Activity - Copy out the data that follows exactly, leaving out no line.

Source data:
^^^^^^^^^^^^^^^^

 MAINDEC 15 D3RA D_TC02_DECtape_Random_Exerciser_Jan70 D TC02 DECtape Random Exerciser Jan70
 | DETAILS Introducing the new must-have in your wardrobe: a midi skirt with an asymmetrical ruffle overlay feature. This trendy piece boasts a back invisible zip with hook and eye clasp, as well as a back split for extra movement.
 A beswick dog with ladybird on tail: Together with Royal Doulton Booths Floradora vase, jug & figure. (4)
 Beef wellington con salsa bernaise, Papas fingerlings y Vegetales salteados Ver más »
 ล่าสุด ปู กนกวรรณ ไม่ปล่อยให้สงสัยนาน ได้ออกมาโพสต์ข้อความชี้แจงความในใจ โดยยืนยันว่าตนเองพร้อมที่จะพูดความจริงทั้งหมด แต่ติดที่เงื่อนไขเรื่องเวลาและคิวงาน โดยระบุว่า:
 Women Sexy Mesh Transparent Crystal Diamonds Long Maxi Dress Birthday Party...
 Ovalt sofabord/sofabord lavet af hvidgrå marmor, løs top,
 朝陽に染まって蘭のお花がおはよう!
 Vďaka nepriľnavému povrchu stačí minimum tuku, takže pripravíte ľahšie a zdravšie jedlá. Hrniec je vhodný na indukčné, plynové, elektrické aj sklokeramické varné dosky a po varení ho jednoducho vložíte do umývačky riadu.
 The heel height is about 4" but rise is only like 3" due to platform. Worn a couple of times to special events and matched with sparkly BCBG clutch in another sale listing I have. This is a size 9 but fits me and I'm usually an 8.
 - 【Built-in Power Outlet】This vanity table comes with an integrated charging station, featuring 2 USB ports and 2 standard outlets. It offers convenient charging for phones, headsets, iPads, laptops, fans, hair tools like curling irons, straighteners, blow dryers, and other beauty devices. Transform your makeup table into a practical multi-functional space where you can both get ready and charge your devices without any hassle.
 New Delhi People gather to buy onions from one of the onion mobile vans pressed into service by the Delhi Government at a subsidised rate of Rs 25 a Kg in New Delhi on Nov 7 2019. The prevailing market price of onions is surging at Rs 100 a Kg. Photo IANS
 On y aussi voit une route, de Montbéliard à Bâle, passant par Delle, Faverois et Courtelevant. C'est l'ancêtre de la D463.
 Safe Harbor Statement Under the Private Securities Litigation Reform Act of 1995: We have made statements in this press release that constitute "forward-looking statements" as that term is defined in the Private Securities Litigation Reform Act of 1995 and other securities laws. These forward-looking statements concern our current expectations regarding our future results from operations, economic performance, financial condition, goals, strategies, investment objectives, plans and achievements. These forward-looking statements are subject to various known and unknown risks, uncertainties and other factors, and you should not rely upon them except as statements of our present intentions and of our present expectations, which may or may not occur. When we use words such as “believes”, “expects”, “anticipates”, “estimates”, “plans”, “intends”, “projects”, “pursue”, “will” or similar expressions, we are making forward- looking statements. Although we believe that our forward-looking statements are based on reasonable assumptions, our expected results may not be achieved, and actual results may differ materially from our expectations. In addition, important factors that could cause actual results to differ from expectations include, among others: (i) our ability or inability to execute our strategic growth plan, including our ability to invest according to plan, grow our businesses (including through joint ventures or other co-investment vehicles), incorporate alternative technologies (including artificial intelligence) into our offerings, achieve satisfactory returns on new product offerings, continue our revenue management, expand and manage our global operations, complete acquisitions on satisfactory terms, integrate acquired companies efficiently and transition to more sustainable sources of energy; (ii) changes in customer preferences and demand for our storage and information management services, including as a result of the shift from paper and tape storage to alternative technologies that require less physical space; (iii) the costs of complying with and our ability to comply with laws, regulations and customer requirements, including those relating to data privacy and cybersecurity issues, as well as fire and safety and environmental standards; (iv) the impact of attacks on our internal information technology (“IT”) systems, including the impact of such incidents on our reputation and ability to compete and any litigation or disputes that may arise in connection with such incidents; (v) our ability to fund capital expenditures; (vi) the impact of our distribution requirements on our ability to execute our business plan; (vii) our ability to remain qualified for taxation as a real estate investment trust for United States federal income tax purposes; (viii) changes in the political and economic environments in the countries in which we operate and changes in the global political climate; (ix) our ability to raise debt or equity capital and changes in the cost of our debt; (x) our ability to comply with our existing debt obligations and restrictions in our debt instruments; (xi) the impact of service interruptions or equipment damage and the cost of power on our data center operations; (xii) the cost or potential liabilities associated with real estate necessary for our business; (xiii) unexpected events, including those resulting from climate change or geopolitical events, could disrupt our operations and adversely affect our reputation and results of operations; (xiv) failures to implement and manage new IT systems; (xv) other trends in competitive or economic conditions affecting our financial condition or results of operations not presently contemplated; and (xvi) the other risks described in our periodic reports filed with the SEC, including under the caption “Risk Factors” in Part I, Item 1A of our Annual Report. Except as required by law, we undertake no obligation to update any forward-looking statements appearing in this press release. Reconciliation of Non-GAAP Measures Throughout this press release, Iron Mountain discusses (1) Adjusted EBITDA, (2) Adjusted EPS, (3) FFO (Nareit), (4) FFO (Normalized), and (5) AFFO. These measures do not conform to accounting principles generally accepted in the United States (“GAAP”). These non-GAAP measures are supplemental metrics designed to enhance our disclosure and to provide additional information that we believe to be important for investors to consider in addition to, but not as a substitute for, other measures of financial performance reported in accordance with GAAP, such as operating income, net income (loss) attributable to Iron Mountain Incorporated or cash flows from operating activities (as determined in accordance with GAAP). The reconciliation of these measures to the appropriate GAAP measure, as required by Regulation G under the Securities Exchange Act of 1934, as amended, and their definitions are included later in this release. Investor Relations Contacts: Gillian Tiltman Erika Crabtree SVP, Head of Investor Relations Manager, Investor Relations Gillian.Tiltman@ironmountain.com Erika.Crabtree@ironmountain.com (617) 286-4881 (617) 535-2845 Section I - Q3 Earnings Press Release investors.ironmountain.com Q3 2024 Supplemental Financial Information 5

^^^^^^^^^^^^^^^^

Answer to this task -
 MAINDEC 15 D3RA D_TC02_DECtape_Random_Exerciser_Jan70 D TC02 DECtape Random Exerciser Jan70
 | DETAILS Introducing the new must-have in your wardrobe: a midi skirt with an asymmetrical ruffle overlay feature. This trendy piece boasts a back invisible zip with hook and eye clasp, as well as a back split for extra movement.
 A beswick dog with ladybird on tail: Together with Royal Doulton Booths Floradora vase, jug & figure. (4)
 Beef wellington con salsa bernaise, Papas fingerlings y Vegetales salteados Ver más »
 ล่าสุด ปู กนกวรรณ ไม่ปล่อยให้สงสัยนาน ได้ออกมาโพสต์ข้อความชี้แจงความในใจ โดยยืนยันว่าตนเองพร้อมที่จะพูดความจริงทั้งหมด แต่ติดที่เงื่อนไขเรื่องเวลาและคิวงาน โดยระบุว่า:
 Women Sexy Mesh Transparent Crystal Diamonds Long Maxi Dress Birthday Party...
 Ovalt sofabord/sofabord lavet af hvidgrå marmor, løs top,
 朝陽に染まって蘭のお花がおはよう!
 Vďaka nepriľnavému povrchu stačí minimum tuku, takže pripravíte ľahšie a zdravšie jedlá. Hrniec je vhodný na indukčné, plynové, elektrické aj sklokeramické varné dosky a po varení ho jednoducho vložíte do umývačky riadu.
 The heel height is about 4" but rise is only like 3" due to platform. Worn a couple of times to special events and matched with sparkly BCBG clutch in another sale listing I have. This is a size 9 but fits me and I'm usually an 8.
 - 【Built-in Power Outlet】This vanity table comes with an integrated charging station, featuring 2 USB ports and 2 standard outlets. It offers convenient charging for phones, headsets, iPads, laptops, fans, hair tools like curling irons, straighteners, blow dryers, and other beauty devices. Transform your makeup table into a practical multi-functional space where you can both get ready and charge your devices without any hassle.
 New Delhi People gather to buy onions from one of the onion mobile vans pressed into service by the Delhi Government at a subsidised rate of Rs 25 a Kg in New Delhi on Nov 7 2019. The prevailing market price of onions is surging at Rs 100 a Kg. Photo IANS
 On y aussi voit une route, de Montbéliard à Bâle, passant par Delle, Faverois et Courtelevant. C'est l'ancêtre de la D463.
 Safe Harbor Statement Under the Private Securities Litigation Reform Act of 1995: We have made statements in this press release that constitute "forward-looking statements" as that term is defined in the Private Securities Litigation Reform Act of 1995 and other securities laws. These forward-looking statements concern our current expectations regarding our future results from operations, economic performance, financial condition, goals, strategies, investment objectives, plans and achievements. These forward-looking statements are subject to various known and unknown risks, uncertainties and other factors, and you should not rely upon them except as statements of our present intentions and of our present expectations, which may or may not occur. When we use words such as “believes”, “expects”, “anticipates”, “estimates”, “plans”, “intends”, “projects”, “pursue”, “will” or similar expressions, we are making forward- looking statements. Although we believe that our forward-looking statements are based on reasonable assumptions, our expected results may not be achieved, and actual results may differ materially from our expectations. In addition, important factors that could cause actual results to differ from expectations include, among others: (i) our ability or inability to execute our strategic growth plan, including our ability to invest according to plan, grow our businesses (including through joint ventures or other co-investment vehicles), incorporate alternative technologies (including artificial intelligence) into our offerings, achieve satisfactory returns on new product offerings, continue our revenue management, expand and manage our global operations, complete acquisitions on satisfactory terms, integrate acquired companies efficiently and transition to more sustainable sources of energy; (ii) changes in customer preferences and demand for our storage and information management services, including as a result of the shift from paper and tape storage to alternative technologies that require less physical space; (iii) the costs of complying with and our ability to comply with laws, regulations and customer requirements, including those relating to data privacy and cybersecurity issues, as well as fire and safety and environmental standards; (iv) the impact of attacks on our internal information technology (“IT”) systems, including the impact of such incidents on our reputation and ability to compete and any litigation or disputes that may arise in connection with such incidents; (v) our ability to fund capital expenditures; (vi) the impact of our distribution requirements on our ability to execute our business plan; (vii) our ability to remain qualified for taxation as a real estate investment trust for United States federal income tax purposes; (viii) changes in the political and economic environments in the countries in which we operate and changes in the global political climate; (ix) our ability to raise debt or equity capital and changes in the cost of our debt; (x) our ability to comply with our existing debt obligations and restrictions in our debt instruments; (xi) the impact of service interruptions or equipment damage and the cost of power on our data center operations; (xii) the cost or potential liabilities associated with real estate necessary for our business; (xiii) unexpected events, including those resulting from climate change or geopolitical events, could disrupt our operations and adversely affect our reputation and results of operations; (xiv) failures to implement and manage new IT systems; (xv) other trends in competitive or economic conditions affecting our financial condition or results of operations not presently contemplated; and (xvi) the other risks described in our periodic reports filed with the SEC, including under the caption “Risk Factors” in Part I, Item 1A of our Annual Report. Except as required by law, we undertake no obligation to update any forward-looking statements appearing in this press release. Reconciliation of Non-GAAP Measures Throughout this press release, Iron Mountain discusses (1) Adjusted EBITDA, (2) Adjusted EPS, (3) FFO (Nareit), (4) FFO (Normalized), and (5) AFFO. These measures do not conform to accounting principles generally accepted in the United States (“GAAP”). These non-GAAP measures are supplemental metrics designed to enhance our disclosure and to provide additional information that we believe to be important for investors to consider in addition to, but not as a substitute for, other measures of financial performance reported in accordance with GAAP, such as operating income, net income (loss) attributable to Iron Mountain Incorporated or cash flows from operating activities (as determined in accordance with GAAP). The reconciliation of these measures to the appropriate GAAP measure, as required by Regulation G under the Securities Exchange Act of 1934, as amended, and their definitions are included later in this release. Investor Relations Contacts: Gillian Tiltman Erika Crabtree SVP, Head of Investor Relations Manager, Investor Relations Gillian.Tiltman@ironmountain.com Erika.Crabtree@ironmountain.com (617) 286-4881 (617) 535-2845 Section I - Q3 Earnings Press Release investors.ironmountain.com Q3 2024 Supplemental Financial Information 5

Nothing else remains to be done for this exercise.